Boc-His(Boc)-Aib-Glu(O-tBu)-Gly-OH
[CAS# 1169630-31-2]

Identification

• Classification: Biochemical >> Common amino acids and protein drugs
• Name: Boc-His(Boc)-Aib-Glu(O-tBu)-Gly-OH
• Synonyms: 2-[[(2S)-2-[[2-methyl-2-[[(2S)-2-[(2-methylpropan-2-yl)oxycarbonylamino]-3-[1-[(2-methylpropan-2-yl)oxycarbonyl]imidazol-4-yl]propanoyl]amino]propanoyl]amino]-5-[(2-methylpropan-2-yl)oxy]-5-oxopentanoyl]amino]acetic acid
• Protein Sequence: XXXG
• Molecular Formula: C₃₁H₅₀N₆O₁₁
• Molecular Weight: 682.76
• CAS Registry Number: 1169630-31-2
• SMILES: CC(C)(C)OC(=O)CC[C@@H](C(=O)NCC(=O)O)NC(=O)C(C)(C)NC(=O)[C@H](CC1=CN(C=N1)C(=O)OC(C)(C)C)NC(=O)OC(C)(C)C

Discovory and Applicatios

Boc-His(Boc)-Aib-Glu(O-tBu)-Gly-OH is a synthetic peptide widely used in peptide chemistry and related fields. The structure of this compound contains five amino acid residues, each protected with specific groups to prevent unwanted reactions during synthesis. "Boc" stands for tert-butyloxycarbonyl, which is a protecting group for the amino terminus of the peptide. "His(Boc)" refers to histidine, an amino acid with an additional Boc protecting group on its imidazole side chain. "Aib" refers to α-aminoisobutyric acid, a non-proteinogenic amino acid. "Glu(O-tBu)" denotes glutamic acid with a tert-butyl ester protecting the carboxyl group of its side chain. "Gly" is glycine, a simple amino acid.
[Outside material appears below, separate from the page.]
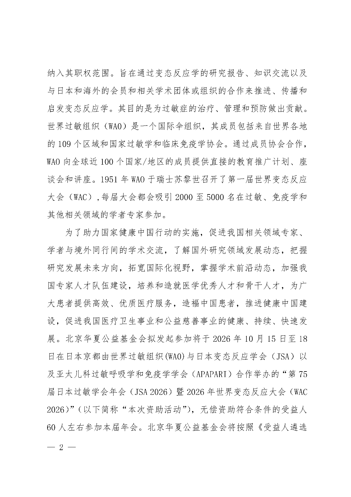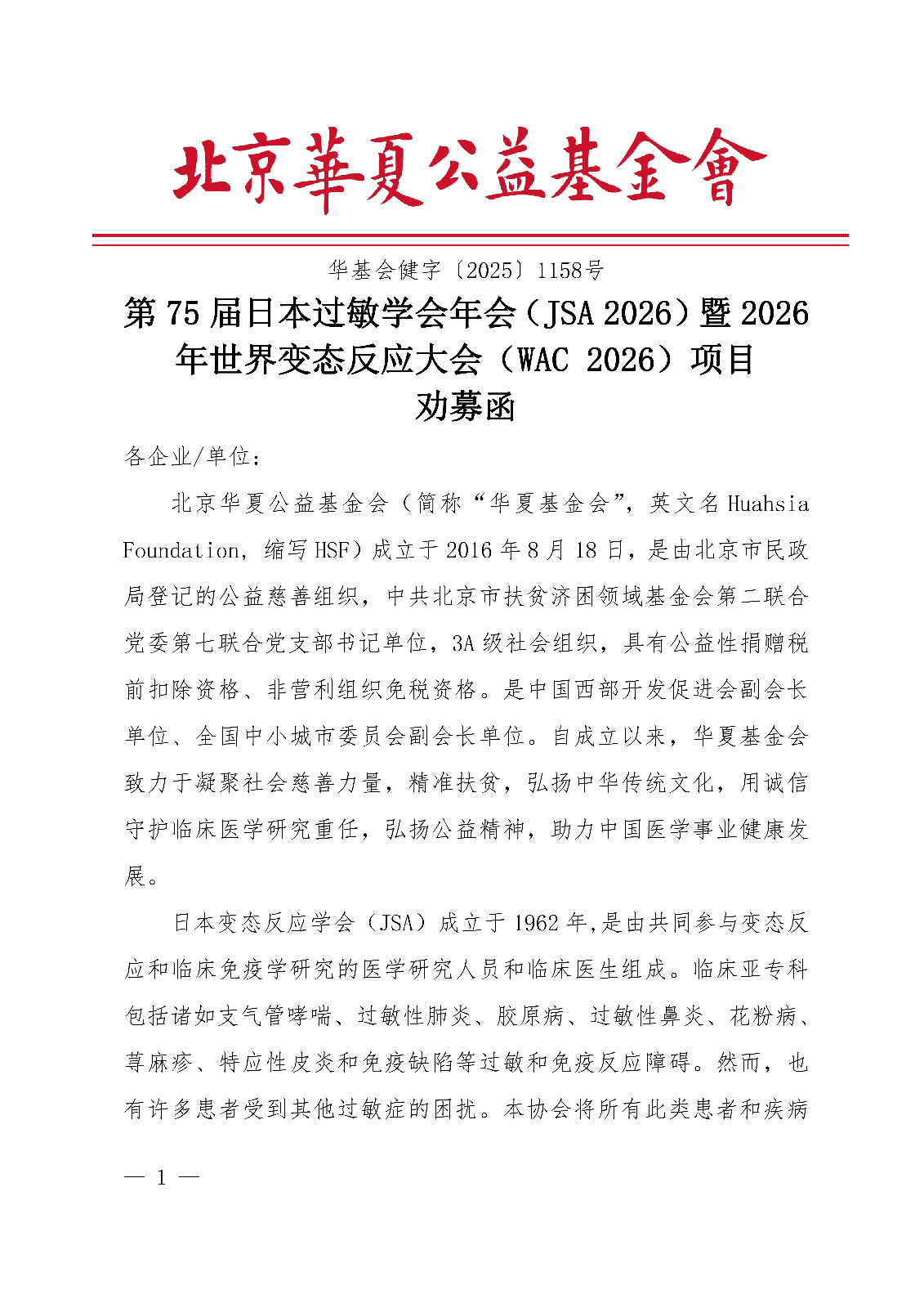 第 75 届日本过敏学会年会(JSA 2026)暨 2026 年世界变态反应大会(WAC 2026)项目 劝募函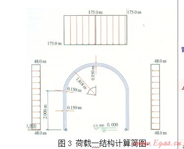 采用結(jié)構(gòu)力學(xué)方法對隧道初期支護結(jié)構(gòu)進行計算,其對應(yīng)的計算模式為荷載結(jié)構(gòu)模式。計算中采用直梁單元對初期支護結(jié)構(gòu)進行模擬,支護結(jié)構(gòu)與圍巖的相互作用通過彈性支承對支護結(jié)構(gòu)施加約束來模擬。由于結(jié)構(gòu)力學(xué)方法不考慮錨桿的作用,計算結(jié)果應(yīng)該偏于安全。荷載一結(jié)構(gòu)計算簡圖如圖3所示。

The carboxyl end of the peptide remains free (-OH), ready for further reaction or extension.

This peptide was developed as part of the growing demand for synthetic peptides used in various research and pharmaceutical applications. Peptide synthesis has been an essential technique since the mid-20th century, allowing researchers to create specific sequences of amino acids that mimic or interfere with biological processes. The Boc-His(Boc)-Aib-Glu(O-tBu)-Gly-OH peptide is used primarily in research settings, particularly in the study of protein-protein interactions, peptide-based drug development, and understanding how modifications to peptide sequences affect their stability, folding, and function.

One of the most significant applications of this peptide is in the field of drug discovery. Researchers use synthetic peptides like Boc-His(Boc)-Aib-Glu(O-tBu)-Gly-OH to investigate potential therapeutic agents for diseases that involve protein malfunction or peptide signaling, such as cancer or autoimmune disorders. The introduction of non-proteinogenic amino acids like Aib into peptide sequences can enhance the stability and bioavailability of peptides in biological environments, which is critical for developing peptide-based drugs.

Moreover, this peptide is commonly used in solid-phase peptide synthesis (SPPS), a method developed by Robert Bruce Merrifield in 1963, which revolutionized the production of peptides. In SPPS, amino acids are sequentially added to a growing peptide chain anchored to a solid resin, with each step involving the removal of protecting groups like Boc and the formation of peptide bonds. The protecting groups in Boc-His(Boc)-Aib-Glu(O-tBu)-Gly-OH ensure that the correct bonds are formed at each stage, avoiding unwanted side reactions. Once synthesized, the protecting groups are removed, yielding the desired peptide for use in various applications.

Boc-His(Boc)-Aib-Glu(O-tBu)-Gly-OH is also used in the study of peptide conformations. The presence of Aib, which induces helical structures, allows researchers to explore the structural properties of peptides in solution. This is particularly valuable in understanding how peptides fold and how their three-dimensional structures influence their biological activity.

As a chemically stable and versatile synthetic peptide, Boc-His(Boc)-Aib-Glu(O-tBu)-Gly-OH serves as an important tool in both basic research and applied sciences. Its design reflects the intricate balance of protecting groups and amino acid sequence modifications necessary to create functional and stable peptides for research and potential therapeutic use.